|   The fact that adoption information 
              has been both highly regulated and extremely controversial is one 
              of the hallmarks of modern adoption. At first sketchy and incomplete, 
              data contained in the adoption records of early twentieth-century 
              courts and agencies was available to anyone curious enough to search 
              it out. The same was true of uniform birth records, which were products 
              of state efforts to standardize birth registration during the first 
              third of the twentieth century.  
            In 1917, the Minnesota adoption 
              law was revised to mandate confidential records, and between 
              the world wars, most states in the country followed suit. Confidential 
              records placed information off limits to nosy members of the public 
              but kept it accessible to the children and adults directly involved 
              in adoption, who were called the “parties in interest.” 

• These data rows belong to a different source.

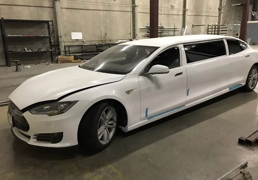 "eBay" tirdzniecības vietnē pārdošanā izlikts kompānijas "Big Limos" par limuzīnu pārbūvētais "Tesla Model S" elektromobilis. Projekta autori apgalvo, ka tas ir pirmais pagarinātais "Model S" sedans pasaulē.
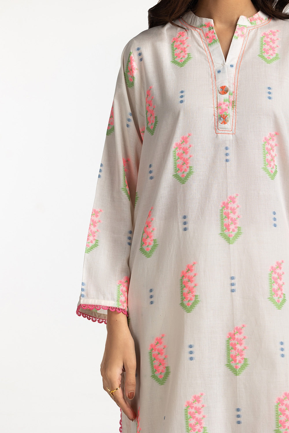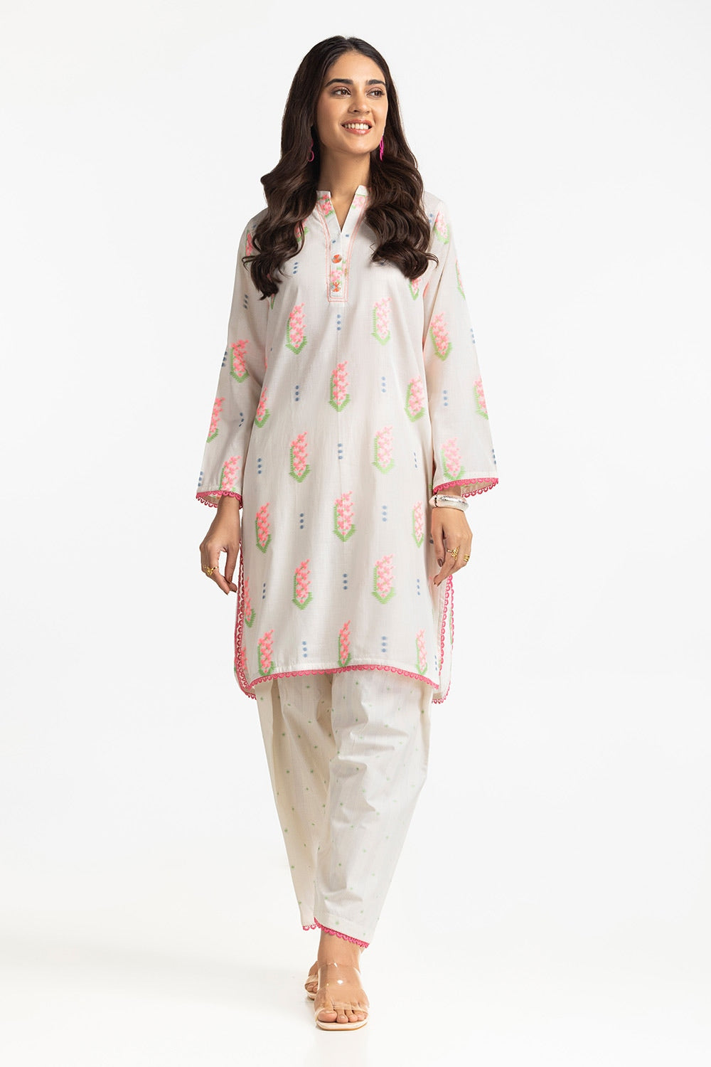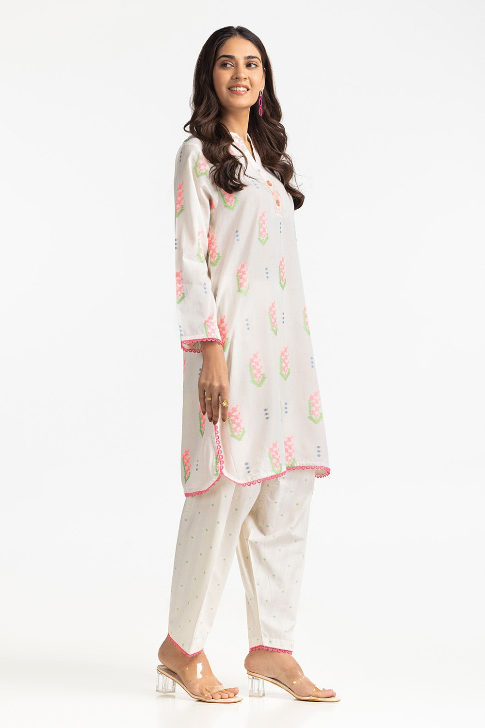 Ready to wear Stay effortlessly chic in this 2PC off white kurta set, highlighted by delicate pink details and paired with relaxed-fit shalwar. Ideal for a casual yet stylish day out.
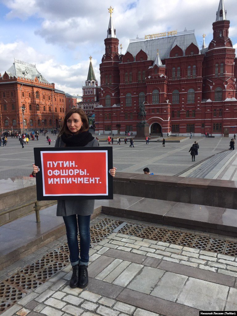 В Москве на Манежной площади активисты провели серию одиночных пикетов с требованием импичмента президента России Владимира Путина в свете публикации журналистского расследования о связанных с ним офшорных компаниях. Об этом в "Твиттере" сообщил оппозиционер Николай Ляскин.

             Confidentiality was advocated by professionals and policy-makers 
              determined to establish minimum standards 
              in adoption, decrease the stigma associated with illegitimacy, 
              and make child welfare the governing 
              rule in placement decisions. In practice, confidentiality placed 
              a premium on adoptions arranged anonymously, without any identifying 
              contact between natal and adoptive parents. Confidentiality also 
              meant that when courts issued adoption decrees, states produced 
              new birth certificates, listing adopters’ names, and sealed 
              away the originals, which contained the names of birth 
              parents, or at least birth mothers. 
            Many adopters, especially those whose infertility 
              made them long for exclusive parent-child ties, surely preferred 
              anonymity as well. Confidentiality made it possible for some of 
              these parents to avoid telling their children 
              that they were adopted at all. The relatives of many unmarried birth 
              mothers also favored confidentiality. Especially during the postwar 
              baby boom, when more out-of-wedlock births occurred in middle-class 
              families than had been the case earlier in the century, mortified 
              parents argued that their daughters should have a second chance 
              to lead normal, married lives. Maternity homes proliferated to shield 
              non-marital pregnancies from public view and helped to make adoption 
              a topic of embarrassment and shame. 
            Anonymity and new birth certificates were both consistent with 
              matching, which set out to make new 
              families “as if” they had been made naturally. Confidentiality 
              was converted into secrecy only after World War II. Secrecy meant 
              that even adult adoptees, to their great surprise and frustration, 
              could not obtain information about their births and backgrounds. 
              The intentions behind confidentiality were benevolent, but sealed 
              records created an oppressive adoption closet. 
            Even though sealed records were recent inventions, rather than 
              enduring features of adoption history, they were largely responsible 
              for the adoption reform movement that gathered steam in the 1970s. 
              New York housewife Florence Fisher set out to find her birth mother 
              and inspired adoptees around the country when she founded the Adoptees’ 
              Liberty Movement Association, a pioneering reform organization that 
              called sealed records “an affront to human dignity.” 
              At the time, few adoption activists realized the newness of the 
              policies they sought to overturn by opening sealed records, facilitating 
              search and reunion, and advocating 
              open adoption. Records activism attracted great sympathy but achieved 
              relatively few practical victories and sealed records continue to 
              provoke heated controversy today. Many states have established mutual 
              consent registries, which aim for compromise between the rights 
              of adult adoptees to obtain birth information and the assurance 
              that many birth mothers were given that their identities would remain 
              confidential. Sealed records are also the target of militant activism 
              by such groups as Bastard 
              Nation, which succeeded in passing 
              Ballot Measure 58, an open records law, in the state of Oregon 
              in 1998. 
            Until 1945, however, most members of adoptive families in the United 
              States had perfectly legal access to birth certificates and adoption-related 
              court documents and most agencies acted as passive registries through 
              which separated relatives might locate one another. Disclosure—not 
              secrecy—has been the historical norm in adoption.